Different studies may use different labels to represent alleles and allele frequencies may vary in different populations. Therefore, it is important for linkage programs to use study/population-specific marker allele labels and frequencies when jointly analyzing data from different studies and populations. Unfortunately, most available linkage software (except newer versions of MENDEL [38]) cannot handle study/population-specific alleles directly. In this study, we employed two very useful approaches: we created dummy marker copies in each dataset for any markers genotyped in different studies or made proper bandsize adjustment for those markers that were genotyped by multiple primers. We were then able implement linkage analyses using study/population-specific alleles without the need to modify existing software.

By comparing the genetic orders of autosomal markers from the Weber sets 9 and 10 with their physical positions, DeWan et al. [25] identified 7 markers in the Set 10 and 5 markers in Set 9 whose physical orders were inconsistent with their genetic orders. With our large data collection, we confirmed that most of these previously-identified inconsistencies resulted from the imprecision of the physical map used in that comparison. With the latest (more accurate) physical assembly data, we only detected one inconsistency that had been encountered by DeWan et al: marker D20S159 was assigned to the wrong chromosome in the Weber set 10 (assigned to chromosome 20 instead of chromosome 2). In addition, we identified a marker order mistake on the X chromosome: marker DXS9893 in the Weber set 10 was incorrectly placed position 44 cM upstream of its actual location. These ordering problems could seriously impair the validity and accuracy of results of any linkage analysis that used these markers. In order to obtain correct linkage results for previously published genome scans, multipoint linkage analyses should be repeated on these regions with the correct map orders.

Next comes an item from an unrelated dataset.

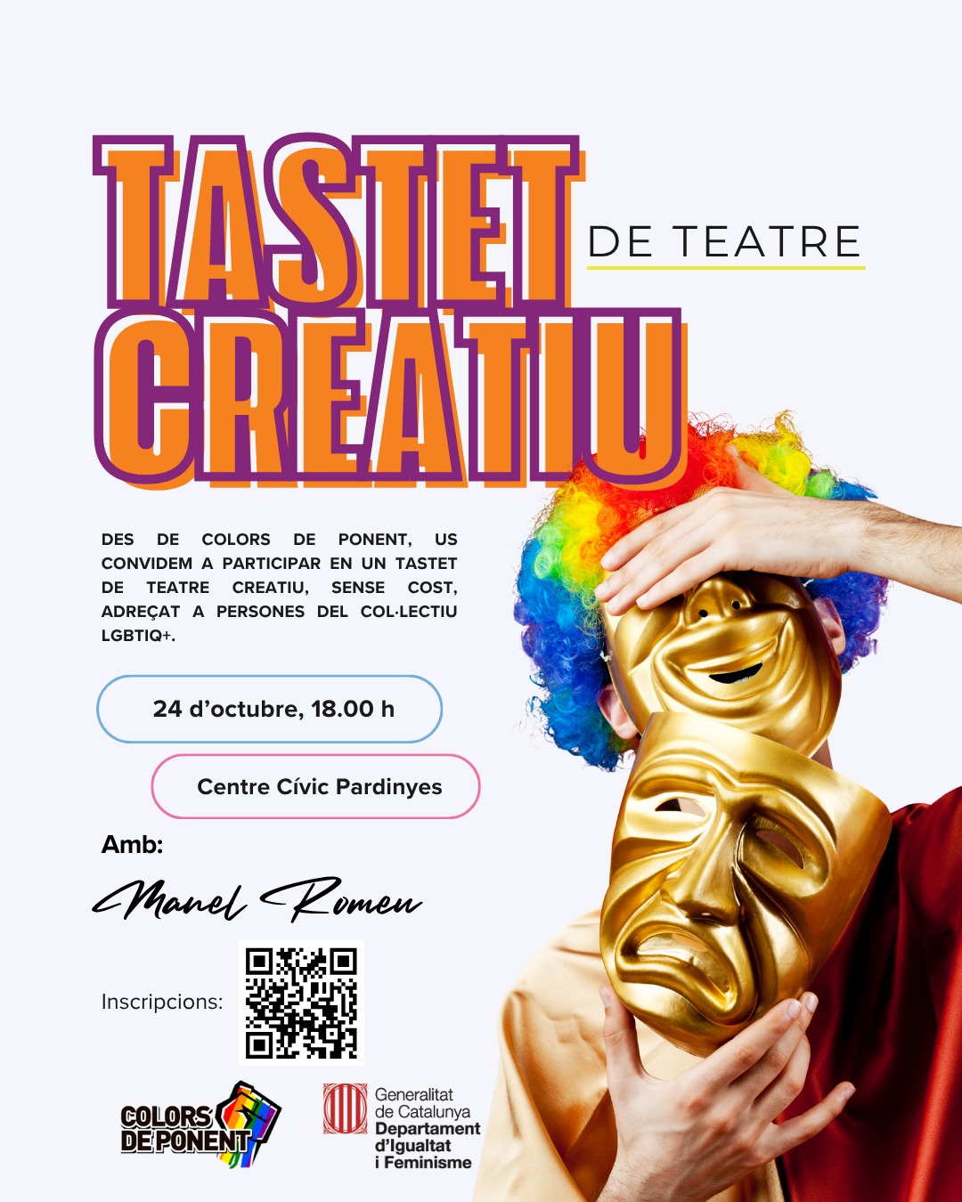 Des de Colors de Ponent, et convidem a viure una experiència única: Un tastet de teatre creatiu, gratuït i obert a totes les persones del col·lectiu LGBTIQ+. 🌈 🗓 Data: divendres 24 d’octubre 🕕 Horari: de 18.00 h a 20.00 h 📍 Lloc: Centre Cívic de Pardinyes (Carrer Sant Pere Claver, 1, Lleida) 🎬 A càrrec de: Manel Romeu, actor, coach i docent de teatre i moviment expressiu amb expertesa en la dinamització de grups. Vine a expressar-te, jugar, compartir i descobrir el poder transformador del teatre en un ambient acollidor i lliure. Si et vols inscriure et demanem que omplis el següent formulari: https://forms.gle/eVqRpHSkBtjBTmKs9
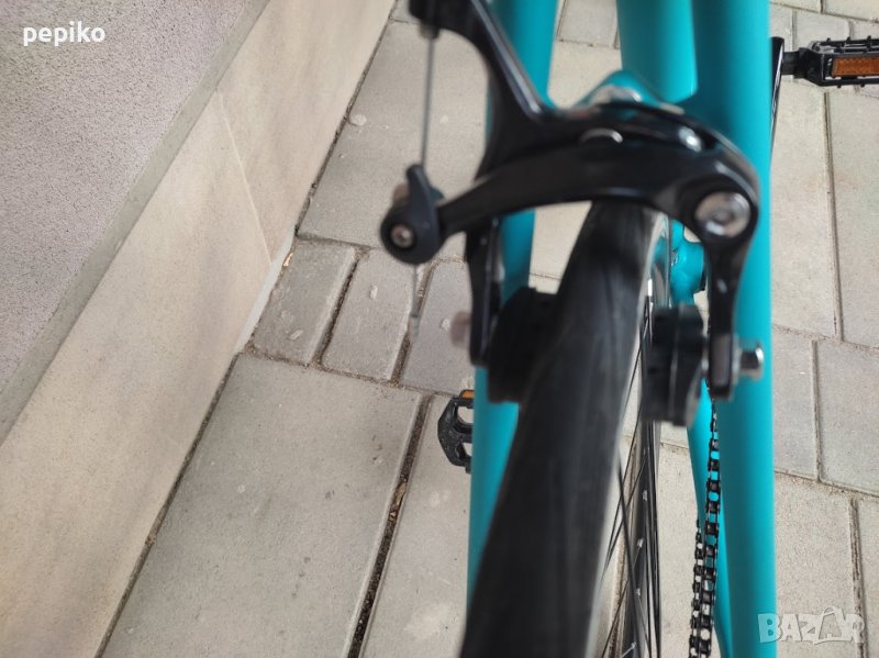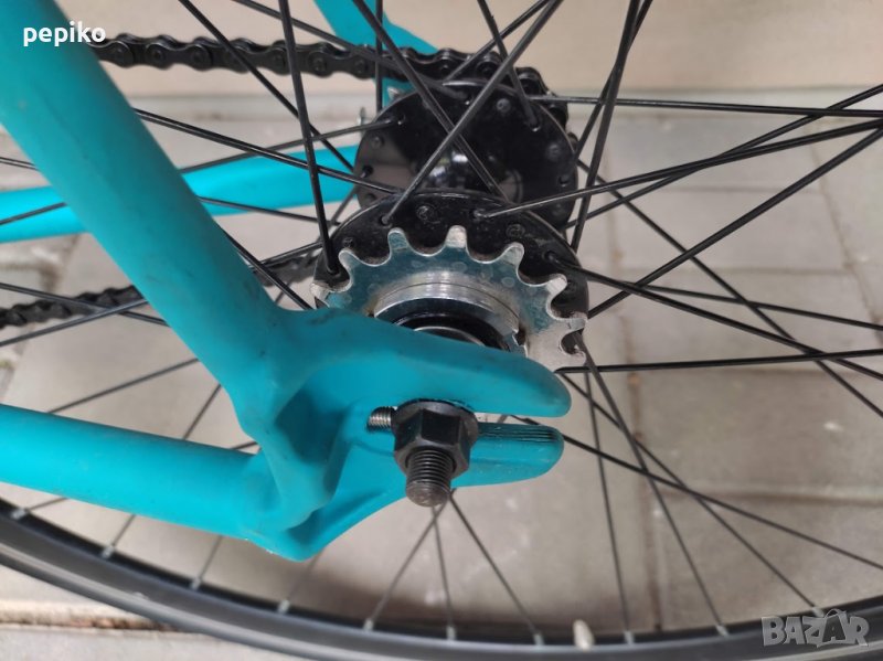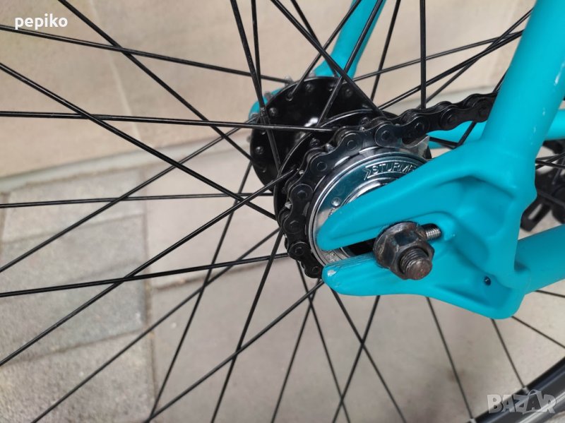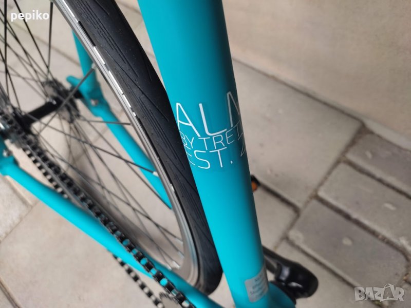 НОВ алуминиев сингъл велосипед TRETWERK ALMA 28 цола,супер лека алуминиева рамка от хидроформовани тръби 28 цола с една скорост,алуминиеви курбели със сменяема плоча,алуминиеви педали,средно движение касета,задни венци два броя от двете страни на каплата,единия със свободен ход,другия при завъртана на задната капла фиксиран,върти се заедно с педалите на пред и на зад,задна алуминиева главина ASSESS,предна алуминиева главина,предна и задна алуминиеви убрейк спирачки,спортна седалка на релси SELE ASSANO,алуминиево колче на седалката,алуминиева лапа и кормило,силиконови грипове,алуминиеви двойностенни усилени капли,емайлирани спици,гуми задна ШВАЛБЕ ЛУГАНО 700 х 23,предна КЕНДА 700 х 28с размер на рамката 57 х 57 см.тегло 9,6 кг.много добър.

We tested population-specific recombinations across five ethnic groups. Numerical optimization is extremely time-consuming when the number of estimated recombination fractions (N) becomes large because the computational complexity is generally on the order of N 2 for each iteration. The great advantage of the numerical optimization method is that we can incorporate the covariance terms into our calculation as well as directly confirm the success of convergence, which improves our statistical tests. It was necessary to include the covariance terms because the map distance estimates of map intervals on the same chromosome are not always independent. Our results showed that adjacent map interval estimates are usually negatively correlated with each other, while the map intervals far apart tend to be independent (results not shown).

When comparing the maps interval by interval, the results from the European, Chinese, and Hispanic samples were in quite good agreement with each other. One region on chromosome 8p showed significant length differences between the European and Chinese maps, and between the African American and Chinese maps. This map interval lies within the 8p (8p23.1-8p22) inversion polymorphism region [36], which also harbors recurrent chromosomal rearrangements, including an inverted duplication deletion (8p23) [17, 39, 40]. This region harbors several members of the olfactory gene receptor family and is flanked by repeated inverted sequences which mediate homologous unequal recombination [39]. The frequency of 8p inversion carriers has been estimated at 39% in a Japanese population and 26% in Europeans [39, 40]. Since an inversion has the potential to influence the computed map distance, either by suppressing recombination or altering regional physical distances, different map lengths could be observed when inversion frequencies differ among populations. Due to the sparseness of the Weber screening sets, it is not possible for us to investigate the potential impact of this inversion polymorphism on these maps in more detail. We also detected three other significantly different map intervals when comparing the African American and the Chinese samples (Table 4).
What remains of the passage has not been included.